Emergency room benefit for New Hampshire plans

What you pay will depend on the reason for your visit

Starting with 2019 plan effective dates, most members on our New Hampshire plans will pay higher cost sharing for emergency room (ER) visits that are not considered medical emergencies.

Higher cost sharing for non-emergency diagnoses

We will not deny any claims based on the reason for your ER visit, but if you go to the ER and your diagnosis falls into one of the following categories, you may pay higher cost sharing than you will for an emergency diagnosis. In most cases, for non-emergency diagnoses, you will pay the deductible then 50% coinsurance (after any negotiated discounts). If you are charged higher cost sharing for a service that you believe was a true medical emergency, you can contact Member Services to appeal our decision.

  • Respiratory infections (e.g., common cold, cough or bronchitis without shortness of breath or blood)
  • Viral infections (e.g., common cold, cold sores or genital rash)
  • Fungal infections (e.g., athlete’s foot, jock itch or yeast infections)
  • Immunizations and screening for infectious diseases
  • Sprains and strains
  • Minor joint injuries and dislocations
  • Crushing injury or internal injury routine follow-up
  • Superficial injuries, such as contusions, abrasions and insect bites
  • Subsequent or routine follow-up care for open wounds
  • First degree burns
  • Rashes
  • Minor ear conditions (e.g., impacted ear wax or swimmer’s ear)
  • Minor eye disorders (e.g., styes, dry eye or pink eye without vision loss)
  • Diseases of mouth; excluding dental (e.g., cold sores or canker sores)
  • Routine follow-up and care for fluid and electrolyte disorders
  • Routine follow-up and care for diseases of the veins and lymphatics
  • Routine follow-up and care for liver disease
  • Routine follow-up and care for thyroid disorders
  • Routine follow-up and care for obstructive pulmonary disease and bronchiectasis
  • Screening of mental health and substance abuse use disorders
  • Treatment for dementia, amnesia and other cognitive disorders when not associated with acute changes or event like stroke
  • Non-cancerous tumor/mass/tissue
  • Routine pre-natal and postpartum care 
  • Physical exams
     

Please note that any examples provided above are for clarification purposes only and do not constitute an exhaustive list of diagnoses that may be considered non-emergency diagnoses.

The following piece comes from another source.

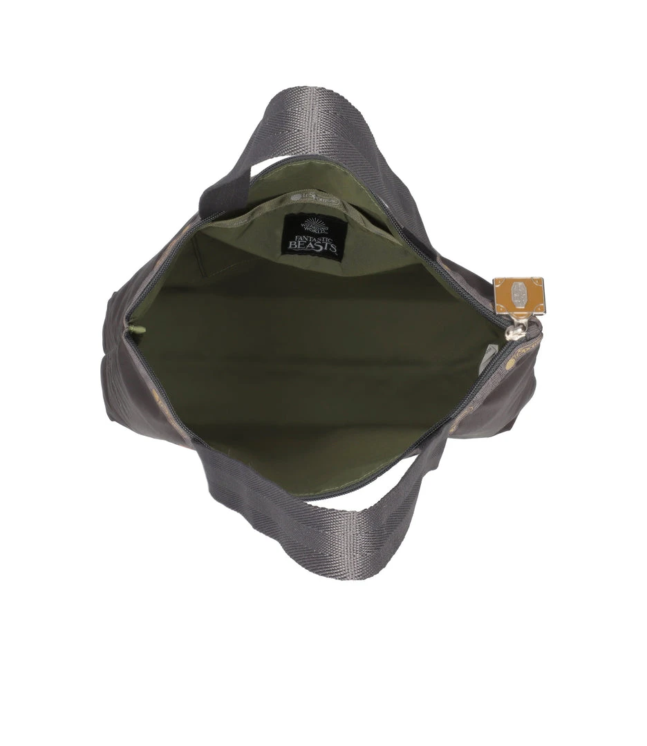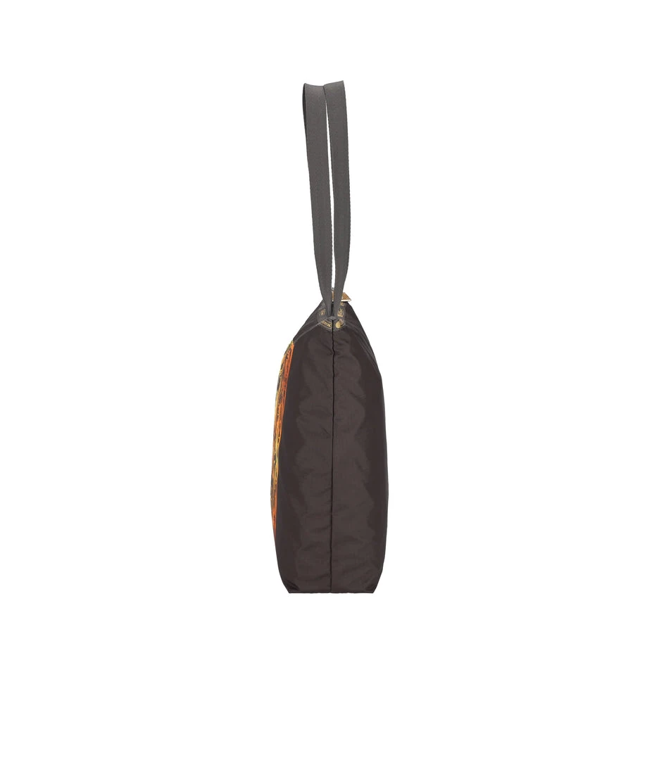 Zipped main closure, 1in (2.5cm) wide top handles (Length: 24.6 in/62.5 cm), Interior back wall combination zip/open pocket

Regular cost sharing for emergency diagnoses

You will pay the regular emergency room member cost sharing (e.g., deductible then copayment) when you visit the ER for conditions that are considered medical emergencies. These are generally injuries and illnesses that are severe or life-threatening, such as a heart attack, severe head trauma, major bleeding, convulsions, or loss of consciousness. Refer to your Benefit Handbook and Schedule of Benefits for specific coverage information. These documents are available by logging in to your member account and clicking “View My Plan Documents” under “Plan Details.”

Alternatives to the ER

Urgent care centers, retail clinics and telemedicine services are also some care options to consider when you can’t be seen at your primary care provider’s office right away. These alternatives typically have shorter waits and will cost you less than an ER visit.